Adriana Vandoni
Ottomar era meu amigo, fomos colegas na Fundação Getúlio Vargas no curso de Administração Pública.
No começo era meio calado, mais observava que falava. Mas, o coitado, desde o primeiro dia em que apareceu na aula, resolveu sentar-se no meio do nosso grupo (éramos três inseparáveis: Eu, Carla e Bete). Não tardou para que Ottomar se soltasse e interagisse totalmente ao nosso grupo.
Fazíamos todos os trabalhos juntos, às vezes com intensas discussões, como foi um trabalho sobre os poderes do Ministério Público. Ele resolveu discordar do que eu estava falando durante a apresentação, imaginem a cena: nós em pé, os professores e o restante da turma assistindo e Ottomar discutindo, sempre falando calmamente. Devagar e sempre. Ele achava que os poderes de investigação deveriam ser limitados e eu defendia que os poderes do MP deveriam ser expandidos. A situação começou a ficar constrangedora, a turma ria sem parar, os professores riam pelo canto da boca, ou seja, estávamos fazendo um showzinho. Até que eu, já morta de vergonha, disse: “Ottomar você está certo, acontece que estamos em lados opostos do balcão. Você é um político, logo, passível de investigação. Por isso acha que os poderes devem ser restritos.” E como sempre em nossas discussões, tudo acabava em gargalhada.
A Bete pegava mais no pé dele, principalmente nas vezes que ele dormia na sala de aula, fato que não era raro. Dizíamos que durante o tempo em que era parlamentar, ele tinha desenvolvido um mecanismo de "dormir em si"....risos....ele encolhia o seu já encolhido pescoço e simplesmente dormia de roncar.
Aprendi muito com Ottomar e com sua experiência de vida. Aprendi com ele a realidade da política. Se no curso eu aprendia a teoria e o fazer certo, com Ottomar eu aprendia o viável dentro do cenário real da política brasileira feita por esses políticos brasileiros. No curso, o lado romântico da administração pública, com ele a rudeza da realidade.
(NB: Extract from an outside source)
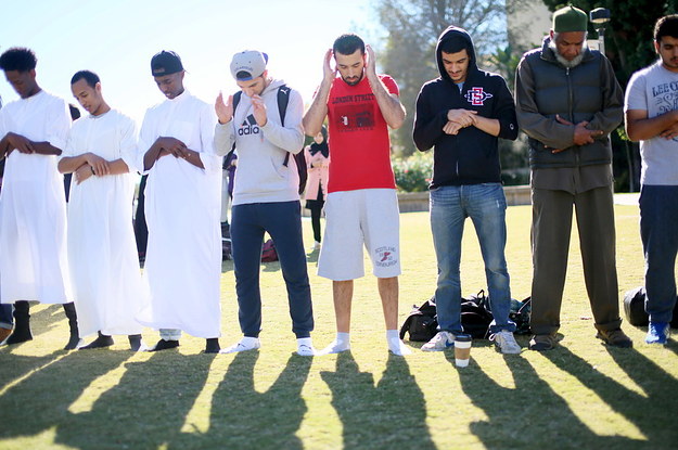 Muslim students pray before at a rally against Islamophobia at San Diego State University in San Diego, California, November 23, 2015. REUTERS/Sandy Huffaker

Como na vez que num bate-papo, eu disse em quem ia votar para senador em 2002 e ele perguntou: ele sabe que você vai votar nele?, respondi: sei lá, Ottomar, acho que não. E ele me saiu com esta: então pra que votar? Primeiro faça-o saber que seu voto será dele, do contrário, nem vote.
Certo dia, durante a pré-campanha de Lula em 2001, Ottomar entrou na sala e nos pegou num caloroso debate sobre os cenários para o Brasil com cada um dos candidatos a presidente. Eu achava que Lula não conseguiria governar, pois ele não teria a maioria no Congresso. Em nossa sala os debates costumavam ser intensos, era uma turma eclética e tinha alguns petistas ferrenhos, alguns viraram ilustres, como por exemplo, Manuel Severino que virou presidente da Casa da Moeda até cair no esquema de Marcos Valério. Ottomar vendo todo aquele debate, chegou bem perto de mim e disse baixinho, passando a mão no meu braço, como sempre falava conosco: “filhinha, em um regime presidencial como o nosso, a maioria é sempre do presidente, não importa quem seja ele, muito menos por qual partido se elegeu”.
Durante a sua pré-campanha para o governo, em 2001, tínhamos um trabalho para entregar, nesse trabalho nosso grupo era formado por nós dois apenas. Antes de sairmos do Rio, ele rumo a Boa Vista e eu para Cuiabá, combinamos a parte que ele me enviaria por e-mail até tal dia. Passei duas semanas recebendo e-mails diários de Ottomar com a frase: “Tô na área”. E nada do material. Era apenas “Tô, na área” e nada. Depois de uns 15 e-mails desse, eu respondi: “Pois saia da área, engraçadinho, que o trabalho já tá pronto, ok?”
O “tô na área” virou gozação na nossa turma e quando ele entrava na sala já dizia: “meninas, tô na área”.